If you suspect a medication is the cause, the timing will usually line up. Sweating that started within weeks of beginning a new prescription or changing a dose is worth discussing with whoever prescribed it.
Stress, Anxiety, and Emotional Sweating
Emotional sweating is a distinct phenomenon from temperature-based sweating. When you’re anxious, embarrassed, or stressed, your brain activates the sympathetic nervous system. This sends a cascade of nerve signals to your sweat glands, particularly in the palms, soles, and underarms. The chemical messenger acetylcholine floods these glands, producing sweat that has nothing to do with being hot.
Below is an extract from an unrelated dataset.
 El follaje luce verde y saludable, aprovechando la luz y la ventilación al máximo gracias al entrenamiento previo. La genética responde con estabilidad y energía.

For people who already have an overactive sympathetic response, this creates a frustrating loop: you sweat because you’re anxious, then you become anxious about sweating, which makes you sweat more. This pattern is consistent with broader dysregulation of the autonomic nervous system, the same branch that controls heart rate, blood pressure, and blood vessel tone. Some research shows that people with primary hyperhidrosis also have irregularities in these other autonomic functions, suggesting the problem isn’t limited to sweat glands alone.
Food and Drink Triggers
Certain foods provoke an immediate sweat response. Spicy foods are the most obvious trigger because capsaicin activates the same receptors your body uses to detect heat, essentially tricking your nervous system into thinking your temperature is rising. Sour and very salty foods can also stimulate sweating, particularly on the face and scalp, by triggering a strong salivary response that cross-activates nearby sweat glands.
Caffeine stimulates your central nervous system and raises your heart rate, both of which can increase sweating. Alcohol dilates blood vessels near the skin’s surface, making you feel warm and prompting your body to sweat in an attempt to cool down. If you notice sweating patterns tied to meals or specific drinks, these dietary triggers are worth tracking.
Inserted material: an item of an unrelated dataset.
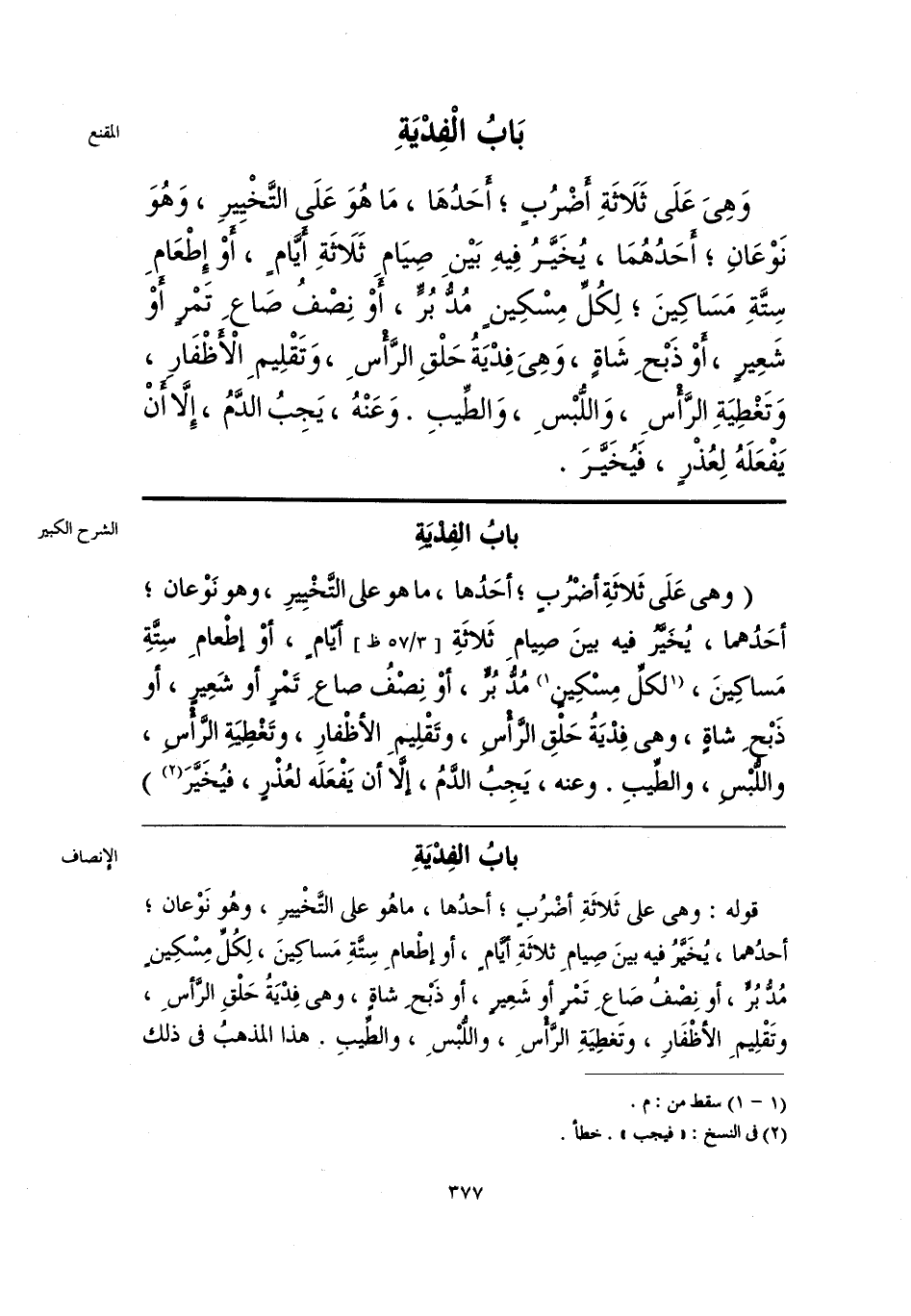 قوله: وهى على ثَلاَثةِ أضْرُبٍ؛ أحدُها، ما هُو على التَّخْييرِ، وهُو نَوْعان؛ أحدُهما، يُخَيَّرُ فيه بينَ صِيامِ ثلاثَةِ أيَّام، أو إطْعامِ سِتَّةِ مَساكِينَ، لِكُلِّ مِسْكِينٍ مُدُّ بُرٍّ، أو نِصْفُ صَاعِ تَمْرٍ أو شَعِيرٍ، أو ذَبْحِ شاةٍ، وهى فِدْيَةُ حَلْقِ الرَّأسِ، وتَقْلِيمِ الأظْفَارِ، وتَغطِيَةِ الرَّأْسِ، واللُّبْسِ، والطِّيبِ. هذا المذهبُ فى ذلك

When Increased Sweating Is a Warning Sign
Most excessive sweating is uncomfortable but not dangerous. However, certain combinations of symptoms signal something more serious. Night sweats that drench your sheets, combined with unintentional weight loss of more than 5% over six to twelve months, persistent fevers, or swollen lymph nodes that last longer than four to six weeks, can indicate lymphoma or another malignancy. Easy bruising, persistent fatigue, or unexplained bleeding alongside night sweats also raise concern.
New-onset sweating that’s generalized (all over the body rather than in specific spots), happens during sleep, and started after age 25 is more likely to have a medical cause than the focal, symmetrical sweating pattern typical of the genetic kind. The distinction matters because secondary hyperhidrosis resolves when the underlying condition is treated, while primary hyperhidrosis requires its own management.
How Severity Is Measured
Doctors use a four-point scale called the Hyperhidrosis Disease Severity Scale to gauge how much sweating affects your life. A score of 1 means sweating isn’t noticeable and doesn’t interfere with your day. A score of 2 means it’s tolerable but sometimes gets in the way. A score of 3 means it’s barely tolerable and frequently interferes with daily activities. A score of 4 means it’s intolerable and always disruptive. Scores of 3 or 4 are considered severe and typically warrant treatment.
For a formal diagnosis of primary hyperhidrosis, clinicians look for focal, visible, excessive sweating lasting longer than six months with no apparent cause, plus at least two additional features: bilateral and symmetric sweating, interference with daily activities, occurrence at least weekly, onset before age 25, absence during sleep, or a positive family history. If you’ve been dealing with this for years and it checks multiple boxes, you’re not imagining it, and treatment options exist.